Small update. My jig is a SE-76, obviously a predecessor. The dimensions are very slightly different.
QuoteCalcapp just makes the measurement easier, the "30.1mm" puts it to the back of the USB.

I found this number on the SE-76 to be 29.4mm, so if I interpolate the values it comes out practically the same.
This is besides the fact that this all is not rocket science, to quote myself.

Note that I updated the jig dimension measurements above after finding a more exact method.

A note for Ken:
I was not in vain that I invested the work to describe the planes and what to look for.
The "bessey" method I described somewhere here for sharpening an axe uses exactly the same principles. You cannot use any of the angle jigs to set up the grinding angle on an axe that has curved surfaces all over it.
Thats great. We just described an alternative way that lets people do some number crunching for virtually any jig to come.

Cheers! ;-)


it is not strictly a Stanley, which is why I said "akin". Funnily, most people here used to be able to relate to a "stanley planer". It´s actually a now pretty old "Witte Plano" planer.
It has "HSS" stamped on the blade. They were also commonly referred to as "Resopal planers".

I agree that it is not strictly necessary to use a program for simple things like that. That said, devices like the TTS-100 or so may not work too well on surfaces like leather or felt for honing purposes. If we transfer Vadim's knowledge onto chisels and planer blades then honing angles are critical with respect to the grinding angle. The grinding angle by itself is deemed less critical.

I have heared of professionals that do everything by hand and produce razor sharp edges, but those sources seldomly mention the years and years of practise. A "method" that is repeatable and executable by a novice with only a little practise will lead to acceptable results without dedicating a lifetime to the subject.

Curtis, program (parts) like the one you did for the square edge jig are useful, but bear a trap.
The jig may change and all assumptions about its dimensions are up the swanee, or somebody else may have a knock-off that is slightly different.

So providing the basic idea behind it let's people adapt things to their needs. As a famous ancestor of ours said analogously: "I rather teach people to catch fish than providing food for them" ;-)

May I suggest that you add the information to your program how you measure the projection. It is not obvious.
I looked at this closely again. Ties my head in knots.

my values (plugged into Perra's program)
I measured from the cutting edge to the rear of the jig: 70mm. I determined USB to rear offset = 5.5mm, give 6. Projection thus 64mm. 5.3 mm.
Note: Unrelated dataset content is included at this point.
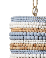 This easygoing, lighthearted look is created from dozens of hand-carved mango wood beads. To celebrate the beauty of the hardwood, our artisans give a selection of the beads a natural finish. Others are hand-painted in blue or white. Each is placed by hand. These pendants evoke ocean breezes and tropical destinations and are a wonderful way to create an at home oasis for your friends and family.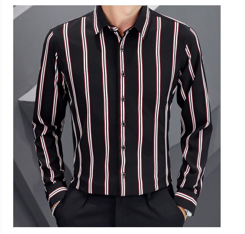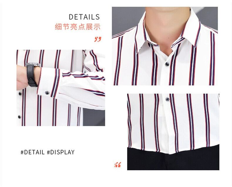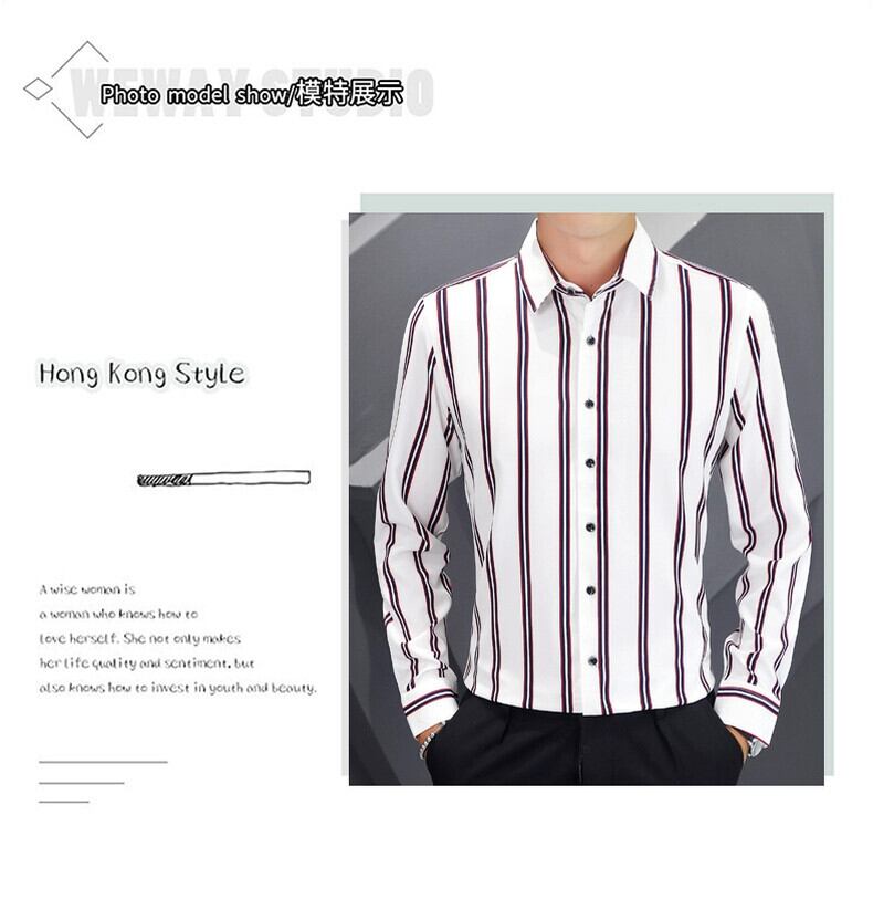 -endメンズカジュアル長袖シャツ春秋スタイルトレンディスリムストライプシャツ潮ブランド春トップ薄い ロング スプリング 春物 オータム 秋物 undao49277229263

Projection thus 64.7 mm.

center plane displacement = 24.5mm (said to be 25) 25 mm, "jig diameter" thus 49mm 50 mm(just necessary for normal "knife" program)

wheel size = 198mm, sharpening angle 27.5dps yields T-USB = 25.7dps 25.90 dps

calcapp SE-77 values:

your projection value entered is from cutting edge to front of jig, thus 70 minus 35mm = 35
yields T-USB = 26.4 dps

So both achieve virtually the same result, which is relieving.
Those calculations rely heavily on the correct measurement of the displacements. I only had a vernier to determine them and a bit of eye-balling.

It is further relieving since I used the above described "universal" method with my "bessey" axe-jig, which worked well too.

Quote from: cbwx34 on January 22, 2024, 04:52:11 PMProjection distance is measured from the front of the jig to the edge of the chisel

This will lead to the same result. You will have to add a  constant offset onto the measured values if you use the stock calculator's formulae.

Maybe this is a better idea, because it uses the known method of measuring from the cutting edge to a stop with a ruler.

I never payed attention to this part of the forum so I was not aware of all that. Anyways, the pudding seems eaten and proven.

I never used TormekCalc because it does not run with alternative spreadsheet programs.
I am glad it worked out for Perra's program (Angle Calculator Lite). I like to keep things as complicated as necessary and as simple as possible.

The wheel is that diameter.

Thank you for the link.
I looked at JVH's drawings and the drawings suggests that he determines the offset in the projection plane by referencing the center of the USB, while Rich's drawing clearly references a point on the rear of the USB, which is where the "stop screw plane", as I called it meets the USB. The difference will be 6 mm. Dutchman's formulae (which I believe are the basis of all those calculators) too seem to reference the center of the USB.

I looked up Perra's spreadsheet formulae and saw that parameter "JG", which is taken for the calculation of the triangle, deducts USB/2 = 6mm from the projection value. So both are in a way correct.

I cross-checked with your online calculator, and the results are sufficiently different. What reference point did you choose for calculating the value of projection, based on the cutting-edge-to-jig-front measurement? Center of USB or rear? USB/2 is going to be deducted automatically.

 Can somebody chime in and clear this up?
I have recently sharpened the blade of a metal hand planer, which is a look-a-like of a Stanley single iron bench plane SB3 (just to make clear what I talk about). The blades are hardened (HSS), so the standard SG stone will take hours. I used a F120 corundum stone for the coarse work and a SiC stone to make it finer.

Since chisels and similar blades have a flat upper surface, the WM-200 angle tool works fine for that. The recommended grinding angles for those blades are between 20-30 dps (although there is only one side to be sharpened). The blade itself is angled at about 45° from the working surface, which leaves several degrees of relief behind the cutting edge. In my case the bevel is down.

Spoiled by sharpening by numbers, I looked if setting the angle by T-USB was feasible, which would allow for grinding and honing at a precise angle, just as it is customary todays for knives.

All associated programs ask for the jig diameter. They were obviously developed with knife sharpening in mind, so they silently assume a symmetrically round jig (at the spot where it rests on the USB at least). All past knife jigs fulfil this demand, and the diameter was chosen for simplicity and convenience.
The real value of interest however, is the distance from T-USB to the imaginary center plane that is constructed by the line through the center of the spine (of a knife) and the cutting edge (let´s call this the center plane for the lack of better words).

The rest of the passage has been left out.